Dataset section section start

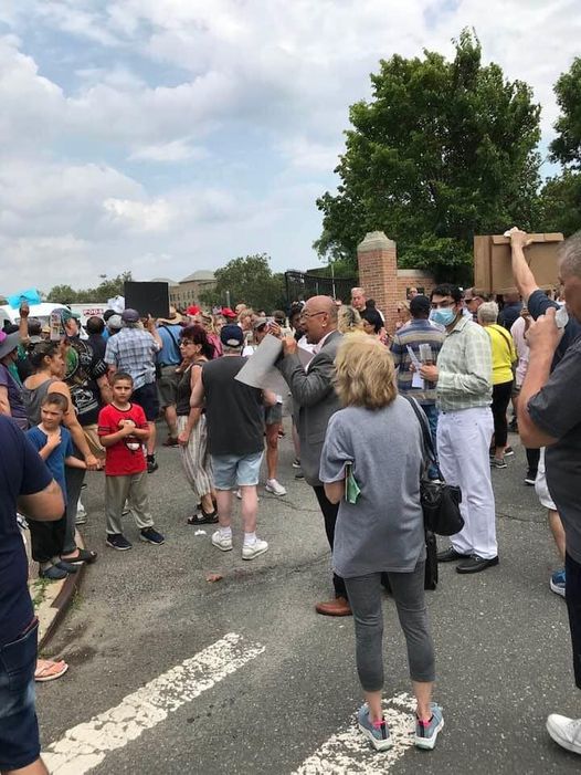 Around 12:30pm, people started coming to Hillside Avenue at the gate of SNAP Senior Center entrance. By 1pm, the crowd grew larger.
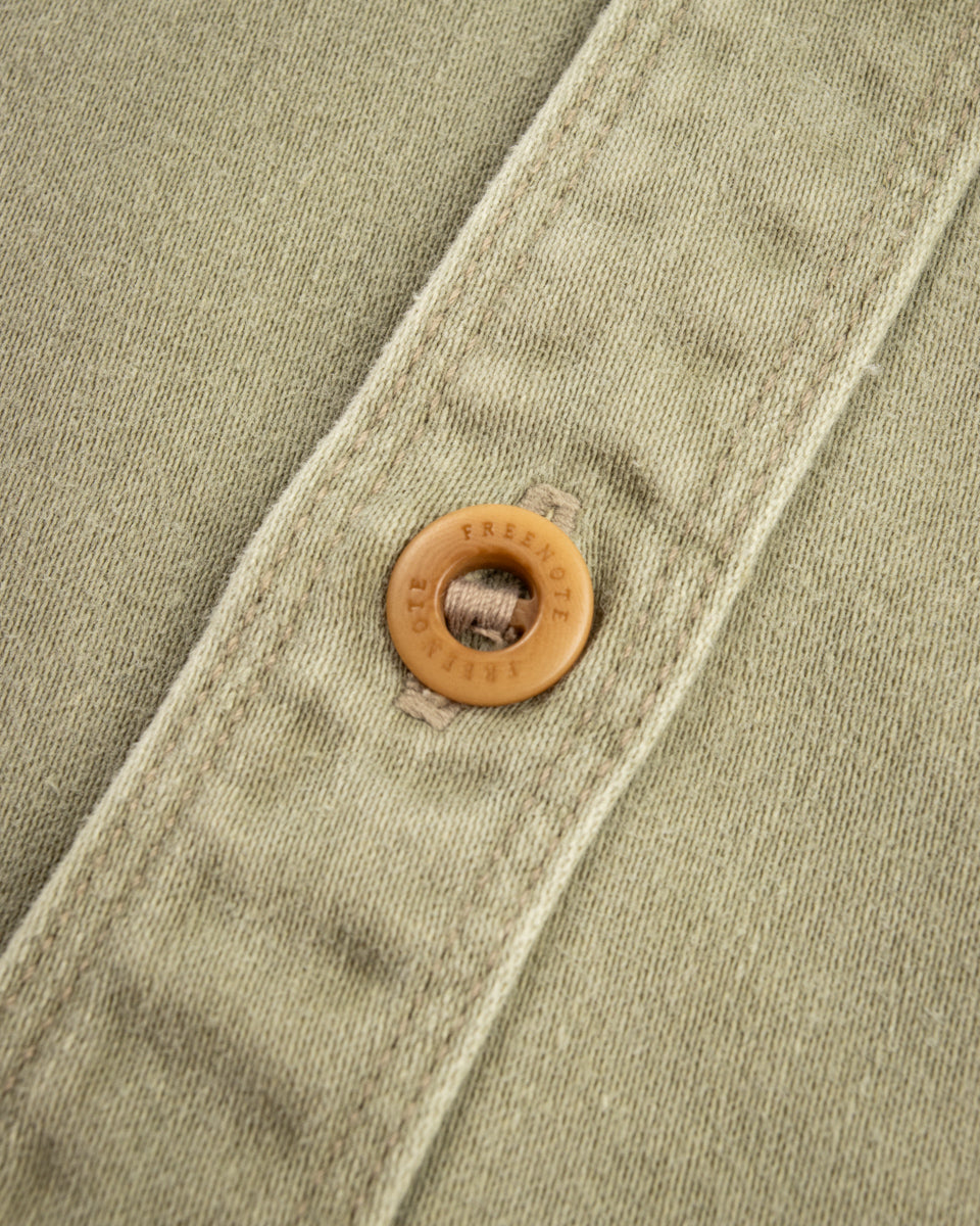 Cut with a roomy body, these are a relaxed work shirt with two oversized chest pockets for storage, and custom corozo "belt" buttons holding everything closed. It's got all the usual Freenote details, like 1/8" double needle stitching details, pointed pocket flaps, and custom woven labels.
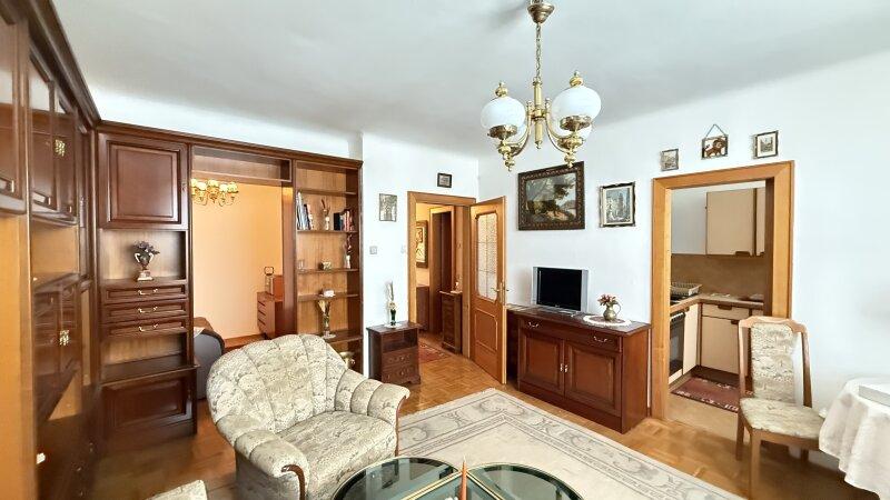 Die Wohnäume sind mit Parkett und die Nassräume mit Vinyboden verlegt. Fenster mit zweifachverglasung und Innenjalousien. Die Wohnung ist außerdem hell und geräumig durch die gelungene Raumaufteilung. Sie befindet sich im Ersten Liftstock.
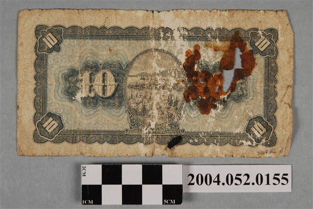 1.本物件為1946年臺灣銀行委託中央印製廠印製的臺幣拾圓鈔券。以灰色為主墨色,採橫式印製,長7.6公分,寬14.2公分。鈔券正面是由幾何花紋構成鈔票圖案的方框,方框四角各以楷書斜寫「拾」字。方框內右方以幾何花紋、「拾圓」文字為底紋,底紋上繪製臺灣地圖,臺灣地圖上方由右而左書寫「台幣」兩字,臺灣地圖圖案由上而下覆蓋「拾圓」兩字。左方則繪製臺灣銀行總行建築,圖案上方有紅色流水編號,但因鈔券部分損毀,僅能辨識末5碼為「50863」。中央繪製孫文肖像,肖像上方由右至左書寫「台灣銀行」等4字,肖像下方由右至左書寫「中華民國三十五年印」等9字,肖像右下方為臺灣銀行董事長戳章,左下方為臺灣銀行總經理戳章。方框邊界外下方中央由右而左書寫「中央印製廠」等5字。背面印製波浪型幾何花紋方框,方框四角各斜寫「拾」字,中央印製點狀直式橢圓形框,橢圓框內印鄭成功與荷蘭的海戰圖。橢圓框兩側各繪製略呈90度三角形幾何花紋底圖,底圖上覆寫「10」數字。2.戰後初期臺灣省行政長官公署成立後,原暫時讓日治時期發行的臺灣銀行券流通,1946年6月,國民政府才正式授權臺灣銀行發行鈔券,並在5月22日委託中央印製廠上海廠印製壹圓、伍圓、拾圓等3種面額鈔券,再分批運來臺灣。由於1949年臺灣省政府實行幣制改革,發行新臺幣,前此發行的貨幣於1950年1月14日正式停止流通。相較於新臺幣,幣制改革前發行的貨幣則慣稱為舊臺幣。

Dataset section section end

- _Exercise directions_: Reproduce the data verbatim. Do not carry any picture into the copy.

- _Answer to this problem_:
 Around 12:30pm, people started coming to Hillside Avenue at the gate of SNAP Senior Center entrance. By 1pm, the crowd grew larger.
 Cut with a roomy body, these are a relaxed work shirt with two oversized chest pockets for storage, and custom corozo "belt" buttons holding everything closed. It's got all the usual Freenote details, like 1/8" double needle stitching details, pointed pocket flaps, and custom woven labels.
 Die Wohnäume sind mit Parkett und die Nassräume mit Vinyboden verlegt. Fenster mit zweifachverglasung und Innenjalousien. Die Wohnung ist außerdem hell und geräumig durch die gelungene Raumaufteilung. Sie befindet sich im Ersten Liftstock.
 1.本物件為1946年臺灣銀行委託中央印製廠印製的臺幣拾圓鈔券。以灰色為主墨色,採橫式印製,長7.6公分,寬14.2公分。鈔券正面是由幾何花紋構成鈔票圖案的方框,方框四角各以楷書斜寫「拾」字。方框內右方以幾何花紋、「拾圓」文字為底紋,底紋上繪製臺灣地圖,臺灣地圖上方由右而左書寫「台幣」兩字,臺灣地圖圖案由上而下覆蓋「拾圓」兩字。左方則繪製臺灣銀行總行建築,圖案上方有紅色流水編號,但因鈔券部分損毀,僅能辨識末5碼為「50863」。中央繪製孫文肖像,肖像上方由右至左書寫「台灣銀行」等4字,肖像下方由右至左書寫「中華民國三十五年印」等9字,肖像右下方為臺灣銀行董事長戳章,左下方為臺灣銀行總經理戳章。方框邊界外下方中央由右而左書寫「中央印製廠」等5字。背面印製波浪型幾何花紋方框,方框四角各斜寫「拾」字,中央印製點狀直式橢圓形框,橢圓框內印鄭成功與荷蘭的海戰圖。橢圓框兩側各繪製略呈90度三角形幾何花紋底圖,底圖上覆寫「10」數字。2.戰後初期臺灣省行政長官公署成立後,原暫時讓日治時期發行的臺灣銀行券流通,1946年6月,國民政府才正式授權臺灣銀行發行鈔券,並在5月22日委託中央印製廠上海廠印製壹圓、伍圓、拾圓等3種面額鈔券,再分批運來臺灣。由於1949年臺灣省政府實行幣制改革,發行新臺幣,前此發行的貨幣於1950年1月14日正式停止流通。相較於新臺幣,幣制改革前發行的貨幣則慣稱為舊臺幣。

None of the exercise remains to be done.